According to a new study, unique blood arteries in whale brains may protect whales from dangerous blood pulses caused by swimming.
There are various theories concerning the precise role of the retia mirabilia, or “beautiful net,” networks of blood vessels that cradle a whale’s brain and spine, but UBC zoologists believe they’ve broken the code, with computer modelling confirming their predictions. The findings of the study were published in the journal Science.
When horses gallop, they experience ‘pulses’ in their blood, where blood pressures inside the body rise and fall with each step. Dr Margo Lillie and her colleagues propose for the first time in a recent study that the same phenomena happen in marine mammals that swim with dorso-ventral motions, i.e. whales. And they may have discovered why whales avoid long-term brain damage for this.
In all animals, average blood pressure is higher in arteries, which carry blood out from the heart, than in veins. According to Dr Lillie, a research associate emerita in the UBC department of zoology, this differential in pressure drives blood flow throughout the body, including via the brain. Locomotion, on the other hand, may aggressively transport blood, creating pressure spikes or ‘pulses’ to the brain. The pressure differential between blood entering and exiting the brain during these pulses might cause harm.
According to Dr Lillie, the long-term damage of this type can lead to dementia in humans. However, whereas horses deal with pulses by breathing in and out, whales hold their breath when diving or swimming. “So, if cetaceans can’t use their respiratory system to reduce pressure pulses, they must have discovered another solution,” Dr Lillie explains.
Dr Lillie and colleagues hypothesised that the retia employ a ‘pulse-transfer’ mechanism to ensure that there is no change in blood pressure in the cetacean’s brain during movement, in addition to the average difference.

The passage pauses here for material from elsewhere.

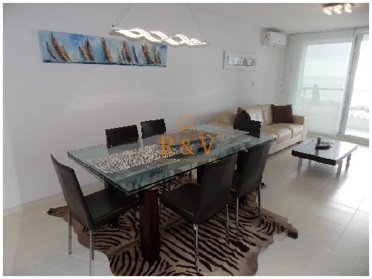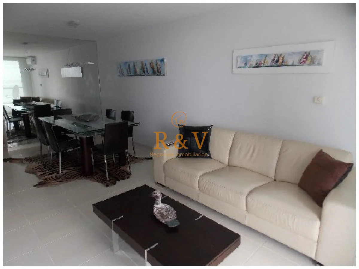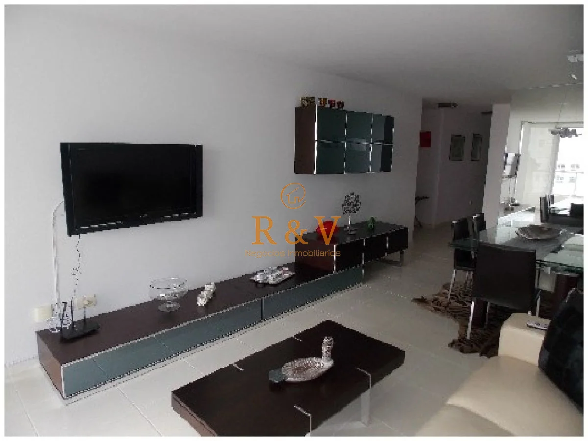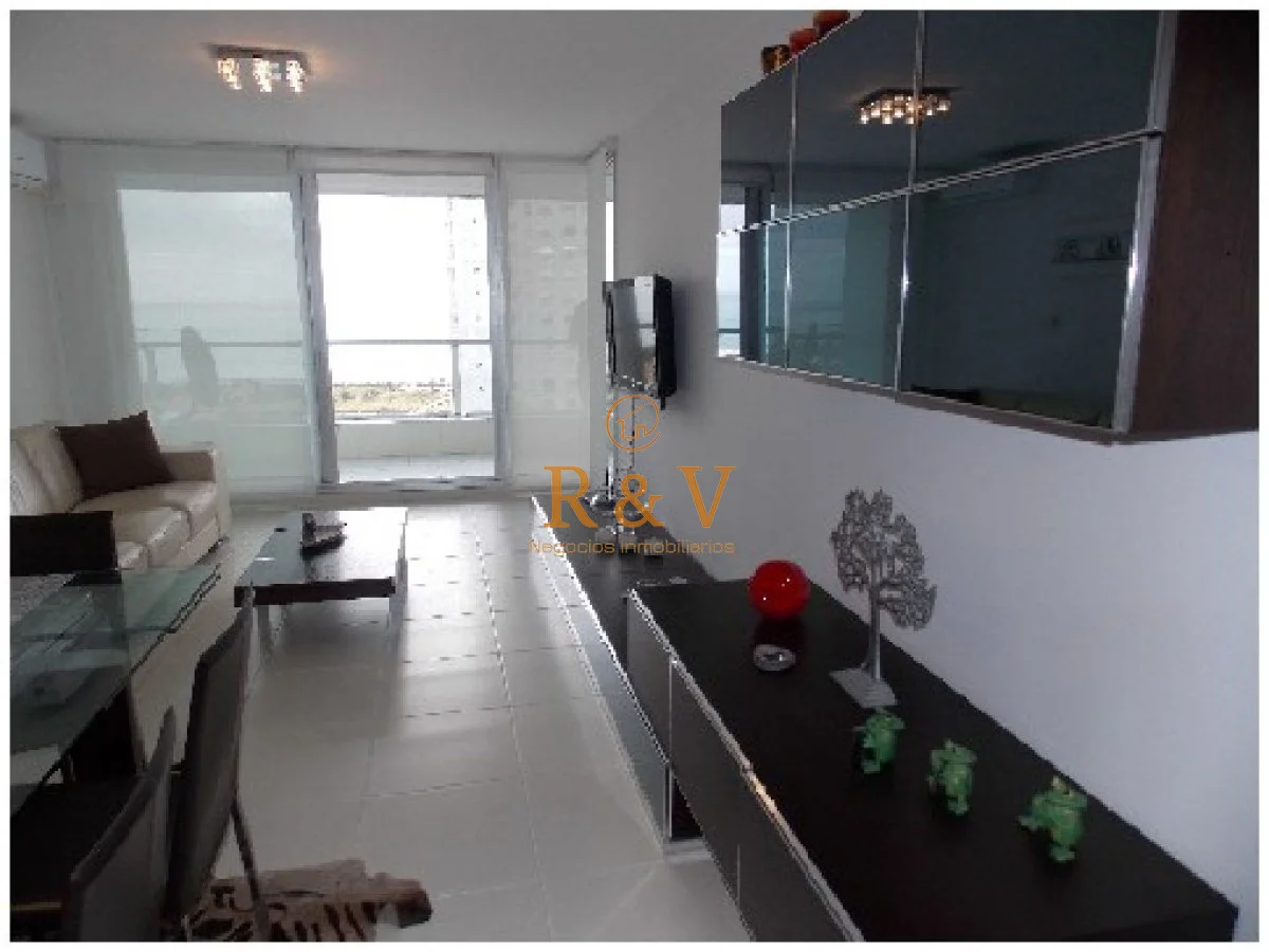 Espacioso living-comedor integrado al balcón terraza con vista panorámica y una personalizada mini-piscina.
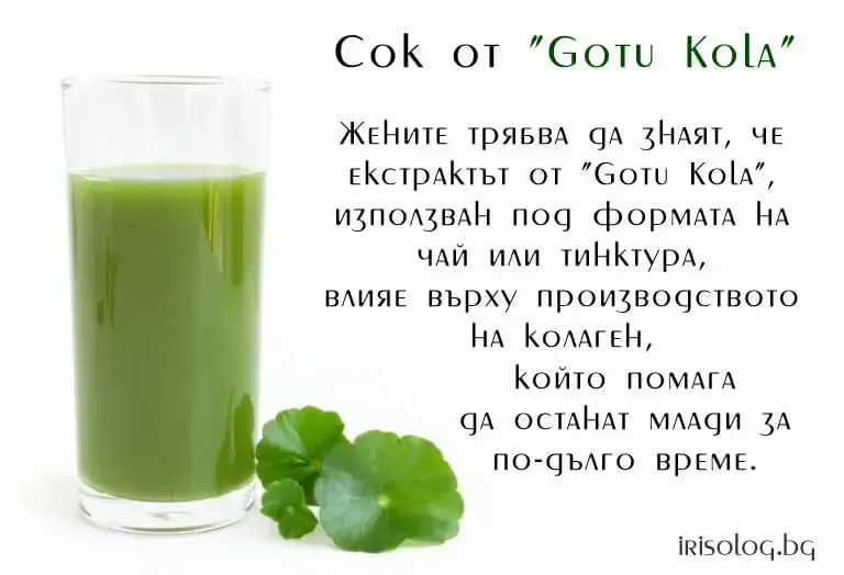 Жените трябва да знаят, че екстрактът от "Gotu Kola", използван под формата на чай или тинктура, влияе върху производството на колаген, който помага да останат млади за по-дълго време.

Essentially, rather than damping the blood pulses, the retia shift the pulse from the arterial blood entering the brain to the venous blood exiting, maintaining the same ‘amplitude’ or intensity of pulse and so avoiding any variation in pressure in the brain itself.
The researchers gathered biomechanic information from 11 cetacean species, such as fluking frequency, and fed them into a computer model.
“Our hypothesis that swimming generates internal pressure pulses is novel, and our model supports our prediction that locomotion-generated pressure pulses can be synchronised by a pulse transfer mechanism that reduces the pulsatility of the resulting flow by up to 97%,” says senior author Dr Robert Shadwick, emeritus professor of zoology at UBC.
The model could potentially be used to ask questions about other animals and what’s happening with their blood pressure pulses when they move, including humans, says Dr Shadwick. And while the researchers say the hypothesis still needs to be tested directly by measuring blood pressures and flow in the brain of swimming cetaceans, this is currently not ethically and technically possible, as it would involve putting a probe in a live whale.
“As interesting as they are, they’re essentially inaccessible,” he says. “They are the biggest animals on the planet, possibly ever, and understanding how they manage to survive and live and do what they do is a fascinating piece of basic biology.”
“Understanding how the thorax responds to deep water pressures and how the lungs impact vascular pressures would be an essential next step,” says co-author Dr Wayne Vogl, professor of cellular and physiological sciences at UBC. “Of course, direct measures of blood pressure and flow in the brain would be beneficial, but they are not yet technically achievable.”